За чашкой кофе они сообщили Альке, что, уезжая, Стефан посоветовал им обратиться к ней с выгодным деловым предложением. У Светлоша, так звали одного из молодых людей, была возможность переправить из Белграда в Ленинград большую партию спортивных костюмов и кроссовок фирмы «Адидас».

Одеться во что‑нибудь «адидасовское» было тогдашней мечтой многих советских парней и девушек. Даже поговорка ходила: «Тот, кто носит „Адидас“, тот и Родину продаст».

Друзья сказали, что на продаже этих вещей и Алька, и они неплохо заработают. Дело за малым. Надо найти пять тысяч рублей для закупки товара.

Конечно, для Альки это была астрономическая сумма. Но ей так хотелось помочь землякам Стефана! Да и сам он, конечно, обрадуется, что ей удалось заработать.

И еще у нее была тайна. Как только в руки к ней потекли деньги, она стала откладывать на кооперативную квартиру. Пусть на самую малюсенькую, но квартиру, которая сможет стать их со Стефаном домом. Две тысячи рублей она уже отложила на это дело. Хорошо. Предположим, две тысячи у нее есть. Осталось найти три. А ее «навар» составит, как сказал Светлош, восемь. Но где взять эти три тысячи? Она попросила новых знакомых позвонить через пару дней, а сама бросилась к Мишелю.

 

Они встретились в субботу на Невском, во время ежедневного обхода Мишелем букинистических лавок. Видно было, что к общению он не расположен. За три недели, что они не виделись, он еще больше похудел, потемнел лицом и держался довольно‑таки отчужденно. Однако Мишель был единственным человеком, который мог сейчас реально помочь ей.

Алька улыбалась, заглядывала ему в глаза, брала под руку – в общем, кокетничала, как могла. Наконец ей удалось немного растормошить Мишеля. Сказав, что ужасно замерзла и проголодалась, она затащила его в ресторан «Кавказский».

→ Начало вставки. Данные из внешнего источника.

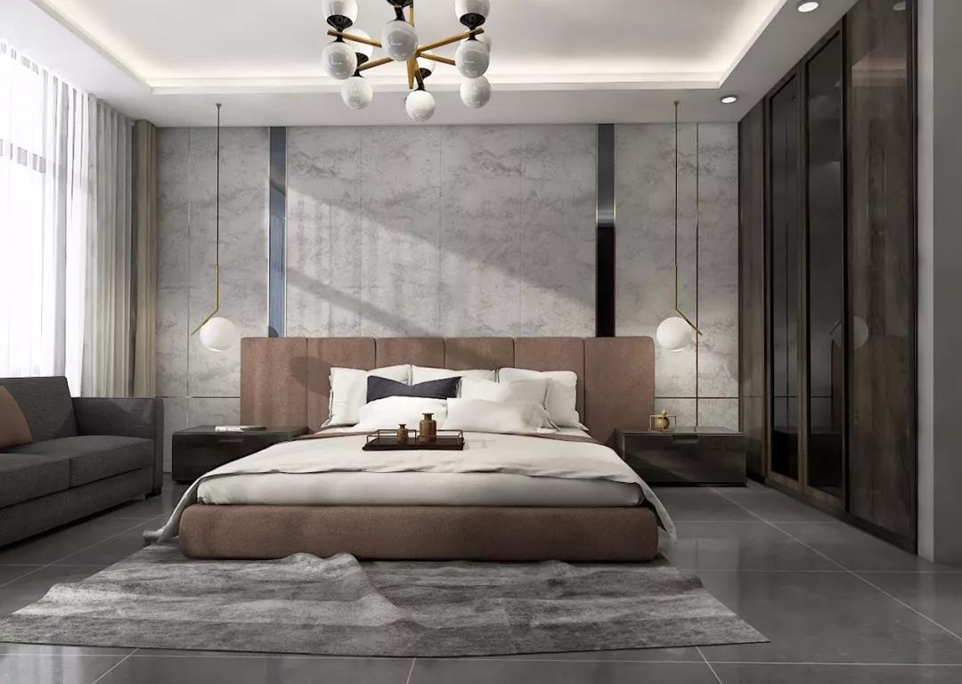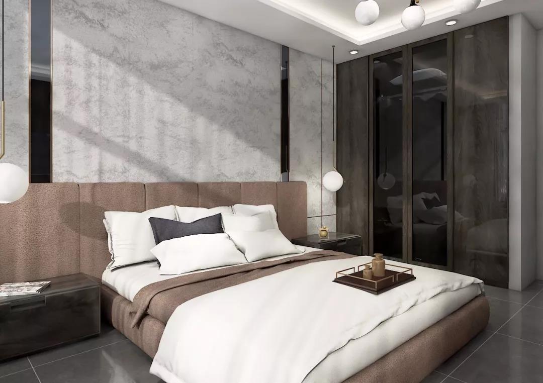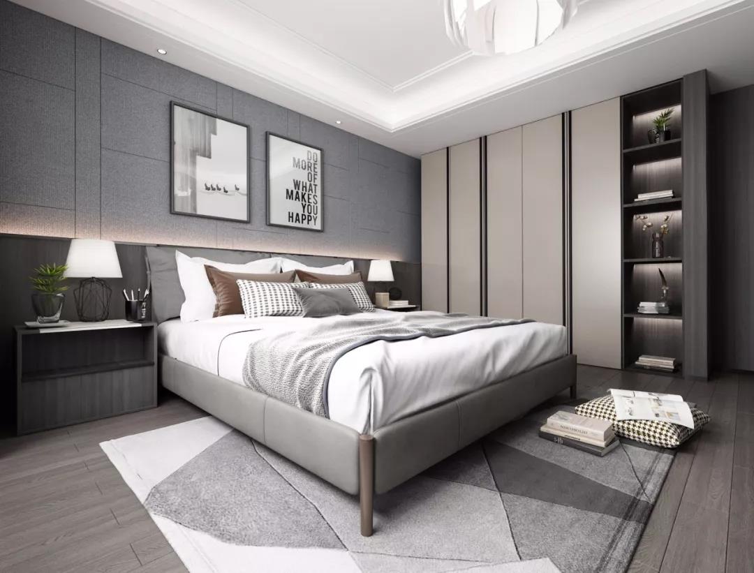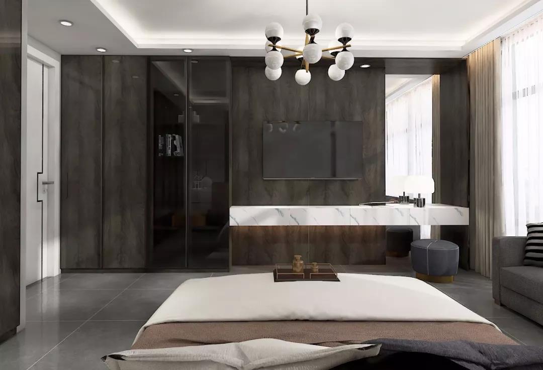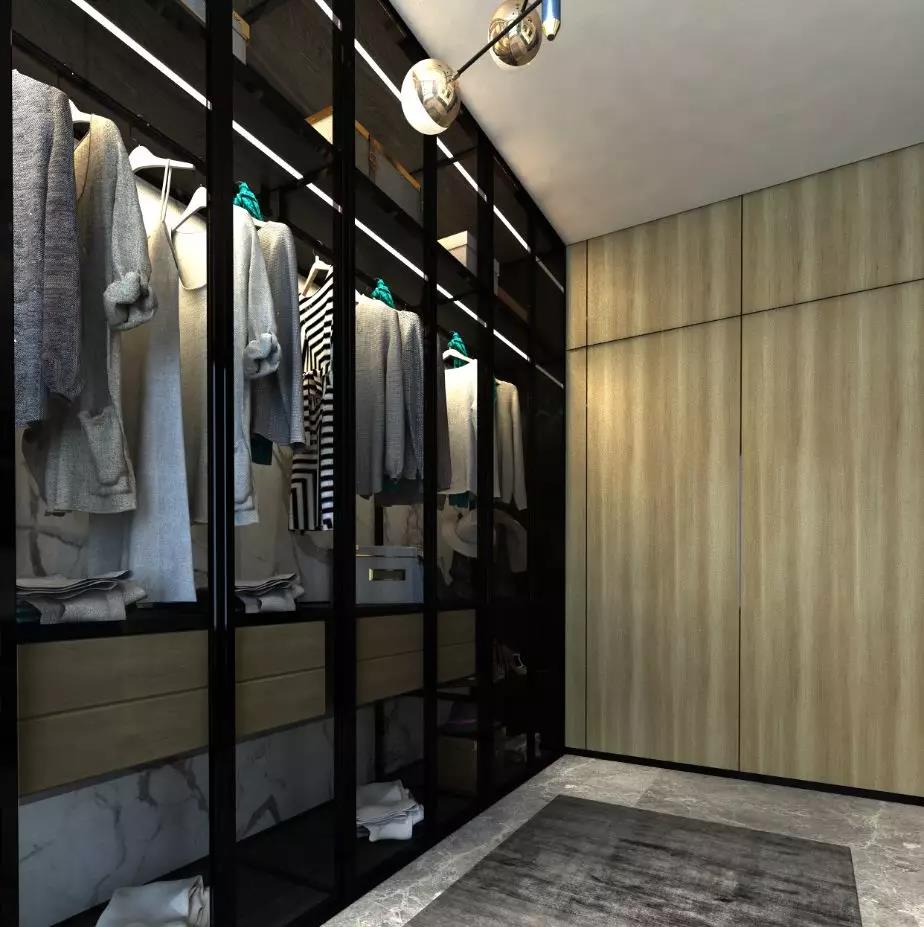 黑色轻奢拉手的运用,卧室的每一处细节都体现出其高雅的品位和不凡的艺术修养,衣柜功能上功能区与展示区的设计,方便使用者的生活起居。柜体同色护墙板的运用更是让整个空间协调整体。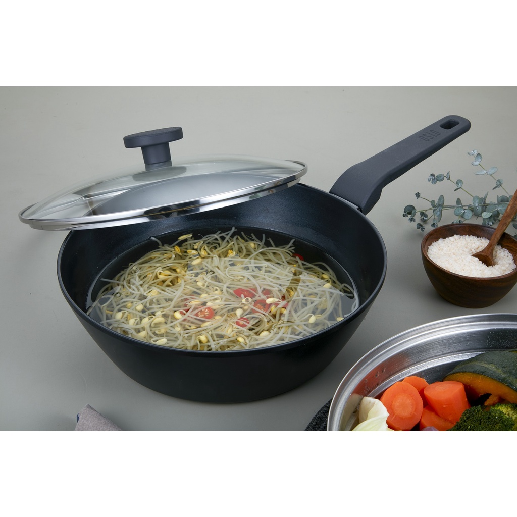 Chảo sâu lòng nhôm đúc chống dính kèm nắp kính Oslo Nord Hàn Quốc - Size 28cm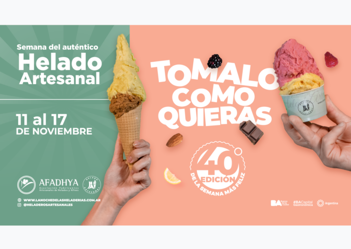 La Asociación Fabricantes Artesanales de Helados y Afines (AFADHYA) celebra la 40º edición de la Semana del Auténtico Helado Artesanal que se llevará a cabo del 11 al 17 de noviembre en todo el país. Además, con el antecedente de que en su 30° edición la Legislatura Porteña declaró de Interés Cultural a esta semana especial, este año se suma la reciente Declaración de Interés de la Ciudad Autónoma de Buenos Aires para el Desarrollo Económico y la Cultura a La Noche de las Heladerías, que se celebrará el miércoles 13 de noviembre. En esta edición tan especial, la entidad distinguirá a heladerías artesanales históricas del país con más de 60 años de trayectoria.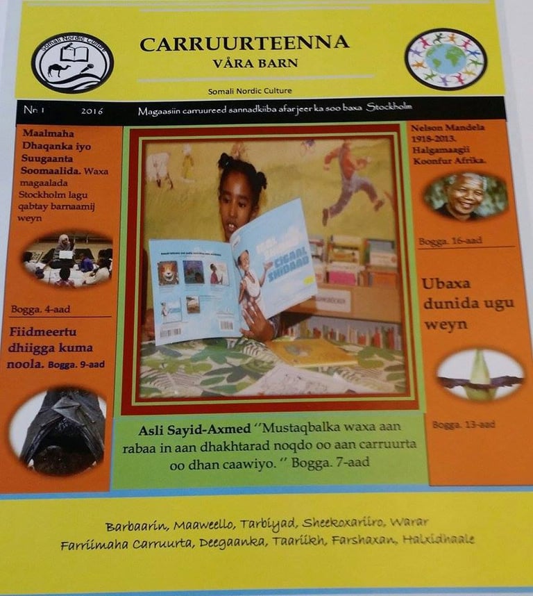 這本雜誌叫做《我們的孩子》(暫譯,Carruurteenna),創刊號在上個禮拜出版。雜誌主要是用索馬利亞語寫成,另外有一小部分是瑞典語、英語。想看這本雜誌的人,可以在瑞典的圖書館、學校、書店找到它。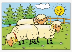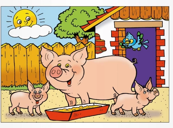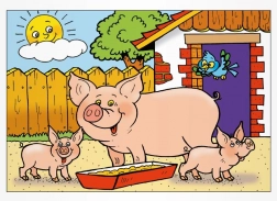8 (Katze und Kätzchen, Schaf, Hund, Ferkel, Hahn und Hühner, Pferd und Fohlen, Kuh mit Kalb, Gans)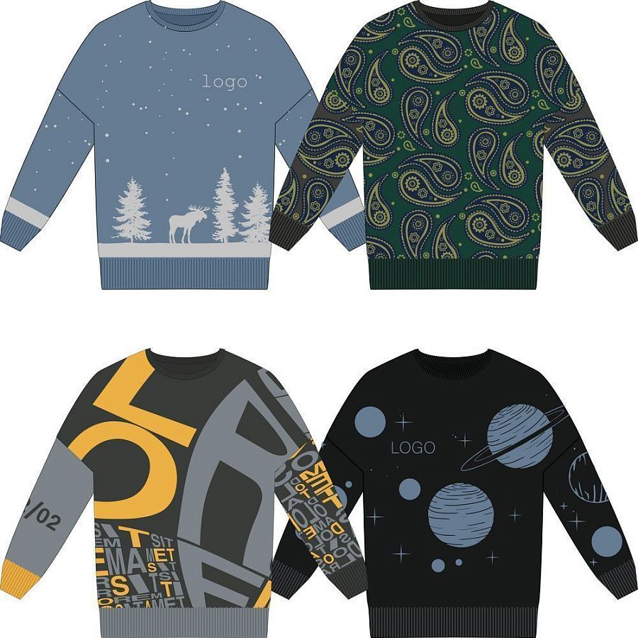 Свитер унисекс с вывязанным логотипом и индивидуальным рисунком в фирменной цветовой гамме.

– Сегодня я тебя гуляю, Мишечка!

В это ранее время посетителей почти не было. Заманчиво пахло восточными пряностями. Скатерти были в меру чистыми. За окнами, как в немом кино, двигалась толпа.

Алька заказала двести граммов водки, бутылку «Хванчкары», лобио, шашлык.

Он посмотрел на нее с удивлением:

– Не многовато ли будет, Алечка? Зачем это тебе нужно?

Непонятно было, что он имеет в виду – заказанную выпивку или то, как беззастенчиво эксплуатировала Алька все последнее время его чувства к ней.

– Да нет, Мишечка, в самый раз.

Она понимала, что без Мишеля ей не обойтись, и, кажется, собиралась ради достижения поставленной цели зайти как угодно далеко. Она сама себе была отвратительна в эти минуты, но что‑то, что было сильнее ее, заставляло Альку говорить и действовать.

Положив руку на руку, точно примерная ученица, она сидела против Мишеля, бледная, прелестная, с мрачным огнем решимости во взгляде.

Официант принес заказ и разлил по рюмкам водку. Они чокнулись, не глядя друг другу в глаза, и Алька выпила, забыв закусить.

– Знаешь, Миша, там у меня, кажется, – всё. Мы не встречаемся, – Алька подумала, что не слишком‑то она и врет: учитывая, что Стефан в отъезде, они действительно не встречаются. – Я поняла, что мне нужен рядом настоящий друг.

Вторая рюмка водки теплом разлилась по животу и быстро достигла головы. С утра Алька ничего не ела.

Мишель молча и вдумчиво жевал шашлык. Похоже, он решил дать Альке полностью выговориться.

– Мне тут предложили одно клевое дело. Миш, заработаем, снимем квартиру поближе к центру, уедешь из своей халупы. Сколько можно с родителями жить‑то…

Мишель перестал жевать.

– Так вот зачем ты все это затеяла, Алечка. Молодец, нечего сказать. И сколько же тебе надо?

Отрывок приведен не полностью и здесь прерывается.